12 jul. 2015

De Varoufakis recordaré la substancia Suzanne Moore · · · · ·

06/07/15
 
  



En enero pasado, andaba yo medio dormida mientras escuchaba una interminable discusión sobre el euro, cuando un hombre cuya segunda lengua es el inglés empezó a hablar de poesía. Se refería a sus conciudadanos griegos, los cuales, decía, habían elegido "por citar a vuestro Dylan Thomas, dejar de irse suavemente en la noche y revolverse contra la luz que muere". Me despabilé y no fui la única. Era Yanis Varufakis, economista, bloguero y profesor universitario, que iba pronto a convertirse en ministro de Economía de Syriza.  



De modo elocuente, puso en palabras el sufrimiento y resiliencia de sus conciudadanos griegos, pero no fue esto lo que fascinó a los medios de comunicación. Fue en su "extravagancia" en lo que se centraron. Está claro que en el mundo de la eurocracia no llevar corbata resulta radical. O maleducado. O ambas cosas. A veces llevaba una chaqueta de cuero. O un "barbour", o una camisa que acaso era un poco ajustada. Dio a entender sencillamente que él no era un "traje" más, e hizo que los demás parecieran estirados, envarados, clones. Siguió montando en moto, en lugar de andar con chófer. En este mundo al revés, este grado de normalidad supuso que le motejaran de todo, de estrella del rock a símbolo sexual.  


Se sonrió lo mejor que supo. La única vez que metió la pata fue con el reportaje de su mujer y él en Paris Match. Una de esas imágenes del estilo "risas en torno a la ensalada". Nadie debería hacer eso.


Pero no importa, porque lo que hizo Varufakis, como el resto de su partido, ha sido profundamente confuso. ¿Qué es esta complicada teoría de juegos que proclama? Yo os diré lo que es. Consiste en intentar mantener las promesas hechas al ser elegido para intentar conseguir el mejor acuerdo para tu pueblo. Significa resistirse a ser intimidado por fuerzas antidemocráticas y mantener los propios principios.    
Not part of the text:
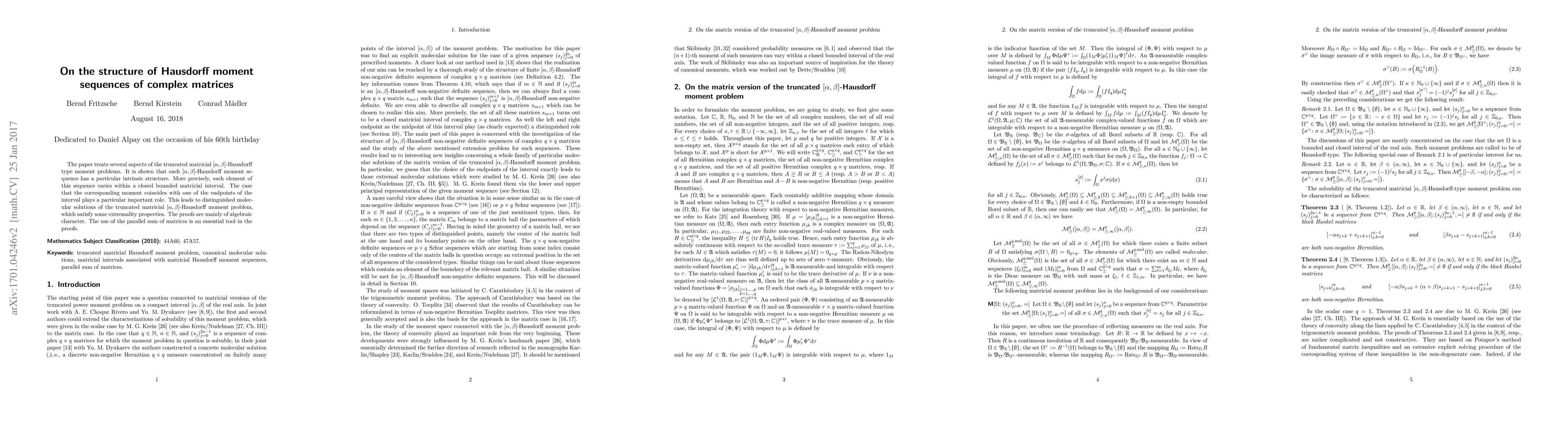 The paper explores the intrinsic structure of $[\alpha,\beta]$-Hausdorff moment sequences for complex matrices, demonstrating that each element lies within a closed bounded matricial interval, with special significance given to moments coinciding with interval endpoints. This leads to extremal molecular solutions of the associated moment problem, with proofs relying heavily on algebraic techniques and the parallel sum of matrices.

Varoufakis fue apartado hace cosa de una semana, no por el estilo "irrespetuoso" de sus chaquetas sino por lo directo de su argumentación. Como dijo el primer ministro griego, Alexis Tsipras, habla el lenguaje de los economistas mejor que ellos.

Siempre ha insistido en que la responsabilidad de la recuperación griega no reside sólo en Grecia, en que tenía que haber realismo en las condiciones exigidas por los acreedores de Grecia, pues el coste humano era de por sí demasiado duro de sobrellevar. Mostró cómo se habían politizado las cuestiones financieras, cómo habían quebrado los viejos paradigmas. Peor, les habló a los eurócratas como iguales.


A los demás nos habló como a seres humanos al describir lo que Europa había puesto sobre los hombros de Grecia como "tortura fiscal". Clamó en contra de que se convirtiera la cuna de la democracia en lo que llamó "una colonia por deudas".

Cuando su heroico pueblo se levantó anoche contra la "esclavitud de la deuda" dio una rueda de prensa con una camiseta gris y hoy anunció su dimisión, explicando que algunos de los participantes del eurogrupo no le quieren en el debate. Dice que no le importa el privilegio del cargo sino el apoyo colectivo a Tsipras.


Es un hombre que anda como habla, y esa forma de hablar es abierta. Es tan distinto esto de los acuerdos reservados que se cierran habitualmente en sofocantes salas de Bruselas. He aquí a un político que actúa de acuerdo con sus creencias. No se le recordará por su estilo sino por su substancia. Se enfrentó a los autómatas al insistir en que no debía seguir castigándose al pueblo griego. Y su pueblo estuvo con él. 

Rechazó los parámetros y el secretismo de los eurócratas. Habló de un modo decente y no en código. No le tiene miedo a la palabra "colectivo". Tampoco Syriza. Ha dicho Tsipras que "la negociación no es cosa de una sola persona, nunca lo ha sido". Es posible que a Varufakis le hayan empujado, más que haber saltado, para suavizar el acuerdo, pero sea cual fuere el caso, no desaparecerá, aunque salga a todo gas hacia el atardecer. Sabe, sobre todo, que el verdadero estilo es la substancia. Guardó su mejor aspecto para el final cuando dijo: "Llevaré con orgullo el odio de los acreedores".  


Suzanne Moore es una conocida columnista del diario The Guardian.